E.A. Hanks Knew Her Memoir Would Have to Go There With Her Family

In March of 2019, 36-year-old Vanity Fair and New York Times contributor E.A. Hanks set off from her hometown of Los Angeles in her beloved 2017 Ford Transit, nicknamed “Minnie,” to recreate a road trip she’d taken with her mother along the transcontinental Interstate 10, from California to Florida, back in 1996. What resulted over these six months make up The 10: A Memoir of Family and the Open Road, out this week from Simon & Schuster.
Traveling solo, Hanks is not exactly alone, as she’s joined by still-vivid memories of that first pilgrimage—some pleasant, many not—as well as her mother’s cryptic poetry and diary entries left behind after her death from cancer in 2002. It’s an attempt to understand a loving but complicated woman who was beset with numerous addictions and undiagnosed mental illnesses, as well as an attempt for the writer to discover where she came from and where she might be headed.
From White Sands National Park in New Mexico down to New Orleans, from the Texas-Mexico border over to the loamy Florida panhandle, Hanks, the daughter of Tom Hanks and sister to actor Colin, wends her way through a Southern landscape—both hallucinatory beautiful and, at times, mundane in its franchised similarity—finding answers to long-held questions, as well as discovering additional mysteries along the way.
Vanity Fair spoke with Hanks about her journey, as well as the blinding, oftentimes tiresome realities of being the daughter of one of the most famous actors the world has ever known, and what might be next for a woman who has aged out of her 30s—a time, she writes, when people come to “realize not everyone is going to make it.”

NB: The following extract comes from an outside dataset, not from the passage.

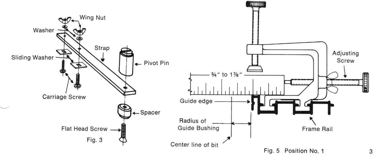 Refer to Figure 5. Each frame rail has two positions into which the panel clamps slide. Using the 5%" diameter guide bushing, the center line of the router bit can be adjusted from 34" to 17%" from the edge of the panel when the panel clamps are in position 1, and from 17%" to 3" when the panel clamps are in position 2. Insert two of the panel clamps into each frame rail. (Small burrs on the ends of the frame rails may prevent the clamps from freely sliding into the rails. The burrs may be removed with a small knife or file.) Determine the desired distance from the edge of the panel that the cut is to be made. Subtract the radius of the guide from this distance and position the adjusting screws as shown. Tighten the wing nuts.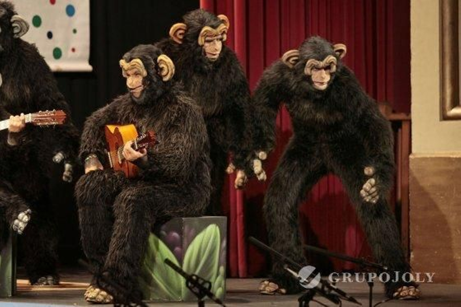Las coplas. Nuestros antepasados se presentan alegres, haciendo monerías, y deseando contagiar su "mono de Carnaval". Tras la delicada falseta (para la que me faltan ya adjetivos para ensalzarla y no repetirme) llegan los tangos críticos. El primero de ellos critica la marca España pues, para ellos, la verdadera marca España es la marca de la enseñanza, para la que no nos llega el dinero con las nuevas tasas; la marca de un Parlamento desfilando por los juzgados; la de un presidente bailando al son de Merkel; y la plusmarca de los seis millones de parados que campan por este país. Bastante bien hecho. En el segundo, muy al tipo, no entienden dónde está ese "genoma del mal" que se ha insertado en el hombre. Mira que compartimos genes con ellos pero estos tratarabuelos no matan a sus parejas, no dan veneno a sus hijos adoptivos ni los queman, no levantan alambradas, no dejan morir de sangre a otro por ser diferente color... "El ser humano se convirtió en un maldito mono cuando evolucionó", rematan. En el primer cuplé se quejan de lo difícil que es escribir por whatsapp. Se escribe con una chica y cuando la conoce en persona, pues habla igual que escribe. Los actos incívicos que se cometen en la semana de Carnaval se llevan el segundo pasodoble donde presumen de su hombría. De hecho, hay por ahí quien viéndolo miccionar en la calle le ha gritado "eso sí que es un pedazo mono". Bueno, reguleros... La interpretación es el talón de Aquiles de los monos que hacen un digno pase pero, quizás, insuficiente para avanzar un peldaño más.

What was the impetus to take this road trip to follow the trip you took with your mother, back in 1996, when you were 14? Was it a specific event or memory that set it off?
When my mother died in 2002, about a year after her diagnosis, my older brother, Colin, and I were exhausted. The house went on the market and everything went into storage. I grabbed two huge plastic bins of papers, thinking maybe there would be something interesting in there, but they went straight from a storage unit to collecting dust in my own garage.
Years later, around 2017, I had my fill of writing recaps for the web and movie scripts that were never going to be made, so I was hungry. For years, I was pitching this story about the 10 as a series of political landscapes: the Land of Immigration, the Land of Rising Water. The idea was that the landscapes covered by the 10 (the Southwest, Texas, and the Deep South) are where all these cataclysmic issues are coming to a head. That’s true, but it wasn’t enough to sell the story. You’ll be shocked to hear no one took the bait. It just so happened that in the midst of all this, I was moving again and decided to go through those two plastic bins. That’s when I found a journal of my mother’s in which she describes witnessing her father—whom she never, ever spoke about—commit a horrible crime. The moment I read it, I knew I had stumbled onto what was missing from my pitch, and the thing I had learned from writing all those scripts: You have to have skin in the game. You need personal stakes. Once I had that missing puzzle piece, I was on my way. Literally.
Let’s talk about that specific accusation that your mother made against her father, who, by then, was long dead. I mean, it’s just beyond horrific. She wrote that her father, your grandfather, had butchered, tortured, murdered, raped, and dismembered a six-year-old girl named “Natalie.” Was there ever a feeling that, my god, she could be telling the truth?
Yes. And no. There was usually a nugget of truth in what my mother said, but you had to sift through a lot to find it. After years of telling me that whole swathes of our family was wiped out in the Highland Clearances of mid-18th century Scotland, suddenly it became that we were Jewish and our family came to America after the wreckage of World War II. In reality, we had some family from Scotland, but her father’s mother was Jewish and lived in Pittsburgh. So, when I read that journal entry, I knew that something had happened, but it was my goal to untangle it all.